I know a gaming forum with a fitness section.

Why would it honestly matter? There is a few people on here with a common interest outside of bb'ing.


----------



## PHMG

Matt 1 said:


> I think we should look at this from the other way round to get a perspective on this issue raised.
> 
> Would you get a gaming forum with gamers saying "Can we make a bodybuilding Section"
> 
> Seems out of place, same goes for here imo


And all the people saying its a bodybuilding forum...why is there an adult lounge then, its not a dating site?


----------



## Matt 1

I just think theres a reason why theres other forums. I spose for general chat its a good idea..


----------



## SiPhil

I'd rather read someone's opinion or review about a game on here than some cvnt elsewhere on a forum full of 12 year olds.

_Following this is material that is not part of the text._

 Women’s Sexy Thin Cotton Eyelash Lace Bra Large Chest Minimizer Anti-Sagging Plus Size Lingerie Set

I don't go to gaming forums, but would read and contribute if there was a gaming section here.


----------



## YetiMan1436114545

See this is the problem, based on many previous threads about gaming it is clear most people don't have a clue. It will normally result in

This console/PC is better than that, then generally people who know nothing about anything agreeing/disagreeing going away from the OP.

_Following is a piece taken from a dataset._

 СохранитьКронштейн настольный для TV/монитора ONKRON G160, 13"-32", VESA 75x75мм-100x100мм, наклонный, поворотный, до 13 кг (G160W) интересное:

People said no to a MMA section on this forum yet there was a high interest in this, plenty of people who train MMA also body build/strong man type train yet it said no. This was related to this site and would of generated more traffic/revenue for the big cheese.

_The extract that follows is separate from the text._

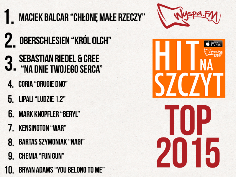 Zapraszamy do wysłuchania podcastu HIT NA SZCZYT TOP 2015 - TUTAJ ->>>

I said no to this, however your comment after the no is a little bias and is trying to dictate the direction in which a person is going. I said no but would use this section as I know the fan boys will be out in force and they will need to be put down a peg or two.

Gaming forums there are normally arguments and with the amount of test on this forum I can see there being plenty in the future.

I can see why the appeal though, there is really little to no rules on what we can/can't post which is a good idea, I just generally think it's a bit ****.


----------



## PHMG

I'd imagine gaming forum are just young uns baning on about her good they are. On here. everyone seems more casual (we dont have huge amounts of time to play games loads).


----------



## craftybutcher

I pwn u noobs


----------



## PHMG

YetiMan said:


> See this is the problem, based on many previous threads about gaming it is clear most people don't have a clue. It will normally result in
> 
> This console/PC is better than that, then generally people who know nothing about anything agreeing/disagreeing going away from the OP.
> 
> People said no to a MMA section on this forum yet there was a high interest in this, plenty of people who train MMA also body build/strong man type train yet it said no. This was related to this site and would of generated more traffic/revenue for the big cheese.
> 
> I said no to this, however your comment after the no is a little bias and is trying to dictate the direction in which a person is going. I said no but would use this section as I know the fan boys will be out in force and they will need to be put down a peg or two.
> 
> Gaming forums there are normally arguments and with the amount of test on this forum I can see there being plenty in the future.
> 
> I can see why the appeal though, there is really little to no rules on what we can/can't post which is a good idea, I just generally think it's a bit ****.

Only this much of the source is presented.